On a less important but personal level, today was also about firming up her confidence in herself. If she could do this—if she could take on an entire Russian ice hockey team with a bit of charm and a line of chat—she could finally put the past into a box and ship it to Utah. She was done with being that unhappy, humiliated girl who had fled Houston two years ago.

She spotted a couple of team members gripping wineglasses like life jackets, clearly cut off by the language barrier. They would have been easy pickings—they reminded her of herself once—but they weren’t the ones she wanted. She wanted confident, a bit brash, hard to pin down. Those were the guys who would sell her business.

It was absurd, but it was human nature. You always wanted what you couldn’t have. A guy who had the world at his feet, who could have any woman, who could walk away at any time, was not long-term material. That was certainly not the type of guy she wanted on her books. Too much hard work.

But they were perfect for publicity purposes.

She just realised she’d described Plato Kuragin to a tee. Not that she would be approaching him any time soon. She was confident, but she wasn’t delusional.

Her plan was to send a couple of these hockey boys out on dates, add a film crew to the mix, and pull in a favour with a local TV producer who was the friend of a friend who had assured her a spot if she could pull it off.

Now she only had to find a couple of photogenic specimens and run her little pick-up spiel by them.

She had a lot of competition. There were some seriously gorgeous women here. But attracting a man’s attention had less to do with looks and more to do with confidence—and it helped to have a plan.

She fixed herself in front of the dark-haired athlete she’d seen earlier, smirking for the press corps.

‘Oh, my, nobody move!’ She made a helpless gesture, lifted her gaze so that they made definite eye contact, and then dropped to her knees. ‘My contact lens!’ she wailed.

The guy dropped to his haunches and cast his gaze around on the floor—but mainly had a good long look at the shape of her bottom and thighs outlined by her crouching position. A few minutes of pointless searching and she was coming to her feet and holding out her hand.

‘Rose.’

‘Sasha.’

She was aware they were being surreptitiously watched by a couple of women, and Rose knew she’d made a good choice. She thanked him, made sure she kept eye contact because guys liked confidence, bemoaned how fuzzy the world suddenly looked and asked him how he was enjoying Toronto.

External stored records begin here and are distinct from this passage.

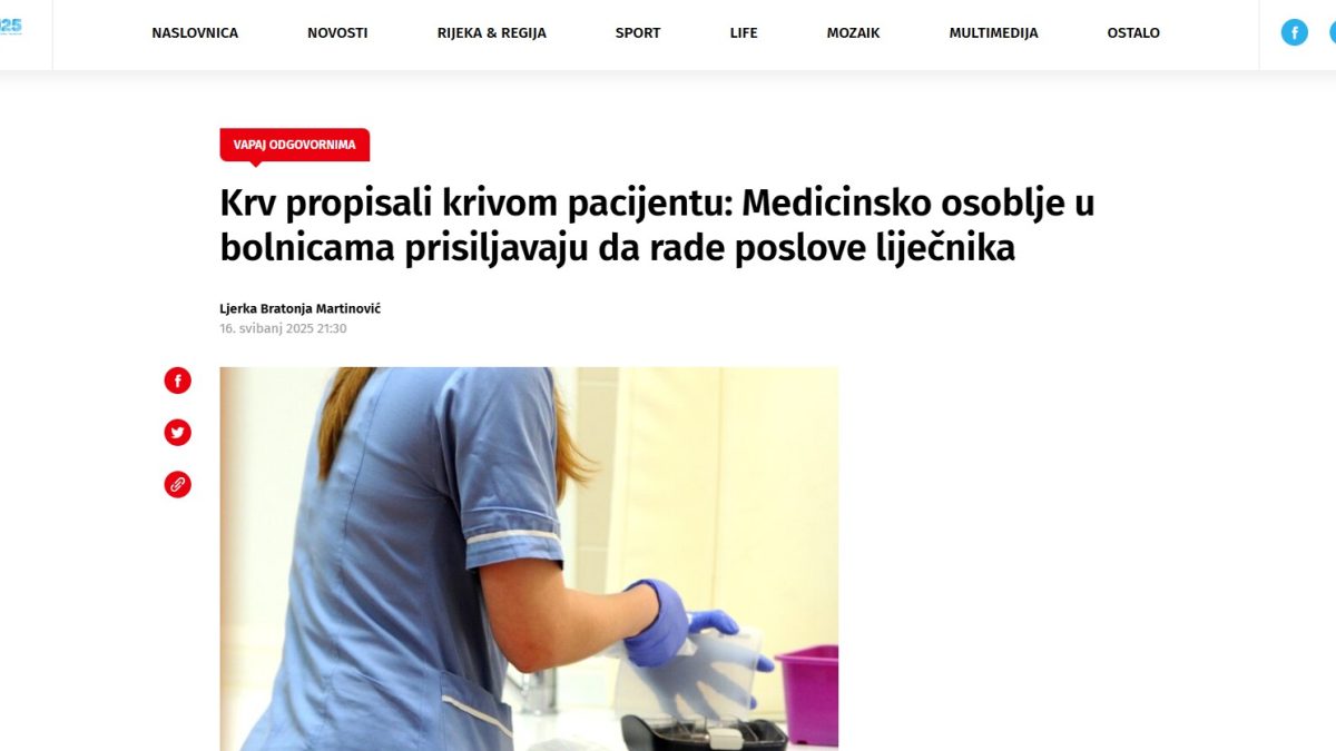 Tako je, na primjer, u našim bolnicama učestala praksa da medicinske sestre i tehničari pacijentima postavljaju kateter, iako to treba raditi liječnik, a nedavno se u jednoj od bolničkih ustanova dogodio drastičan primjer potpuno neprimjerenog angažiranja medicinskog osoblja na poslovima liječnika, što za pacijente može biti pogubno.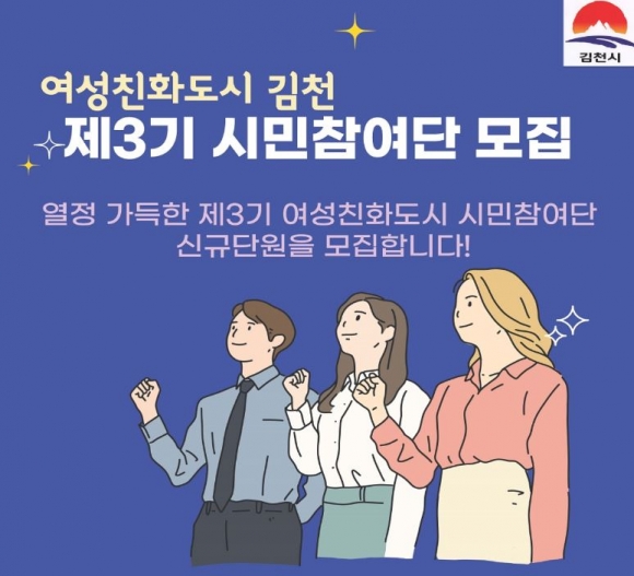 김천시는 오는 10. 30.(월)부터 11. 10.(금)까지 12일간 제3기 여성친화도시 시민참여단 40여 명을 모집한다.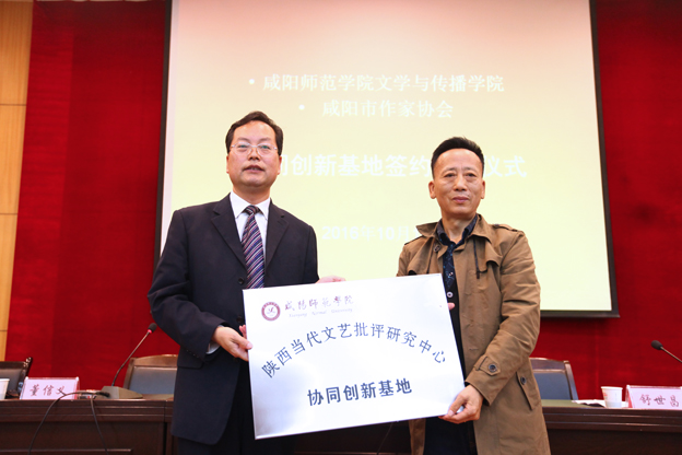 10月19日下午,公司举办了校教学实践基地、研究中心协同创新基地签约仪式,邀请陕西省作协副主席、咸阳市文联副主席、公司客座教授王海,咸阳市作协主席董信义等咸阳市作家团队代表来公司,开启市作协、秦汉文学馆与公司文传院“校地协作一体化”模式。副董事长舒世昌教授出席签约仪式并为基地授牌。签约仪式结束后,著名作家王海为出席活动的英国365集团官网500余名师生作了精彩的文学报告。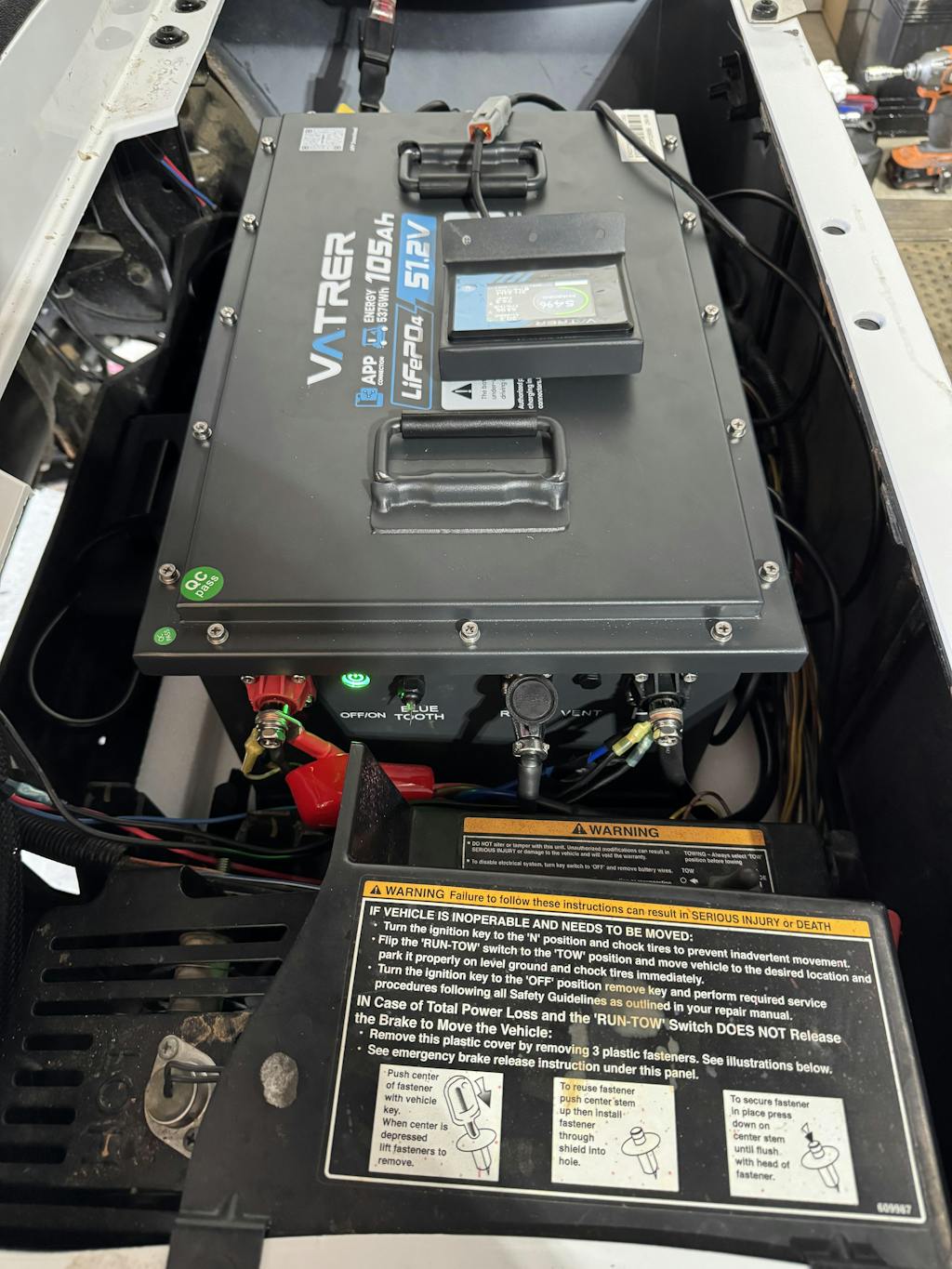 Yes. The Vatrer 48V 105Ah lithium battery features smart monitoring technology that connects to your smartphone via Bluetooth. The companion app displays key data: voltage, temperature, charge percentage, and cycle count in real time. You can also use the integrated 2.8-inch LCD screen for quick on-cart monitoring.

It only took a few minutes before she had his vital statistics: enthusiastic, a bit dull, and possessing less confidence around women than his outer swagger would suggest. But he had the face of an angel. It wasn’t hard to scrawl her cell number on his hand, and she added her name: ‘Rose’. He didn’t look bright enough to remember it if she simply left her trademark drawing of the flower.

It was her signature strategy. Handing out business cards would be intimidating to some of these boys, and likely to go straight into the bin. The coy girl who pressed ink to their palm was going to be remembered.

Everyone was sceptical about a young woman setting up her first business on such a flimsy premise as matchmaking, but Rose knew her youth was on her side. She came across as unthreatening, unserious, and to some of these men as a bit of harmless fun. The fact she had been doing this since she was eight years old and considered herself an old hand at it was her secret weapon.

After all, she had managed to find a wife for her father, and two of her four brothers, and several of her girlfriends were happily settled with men Rose had helped them land.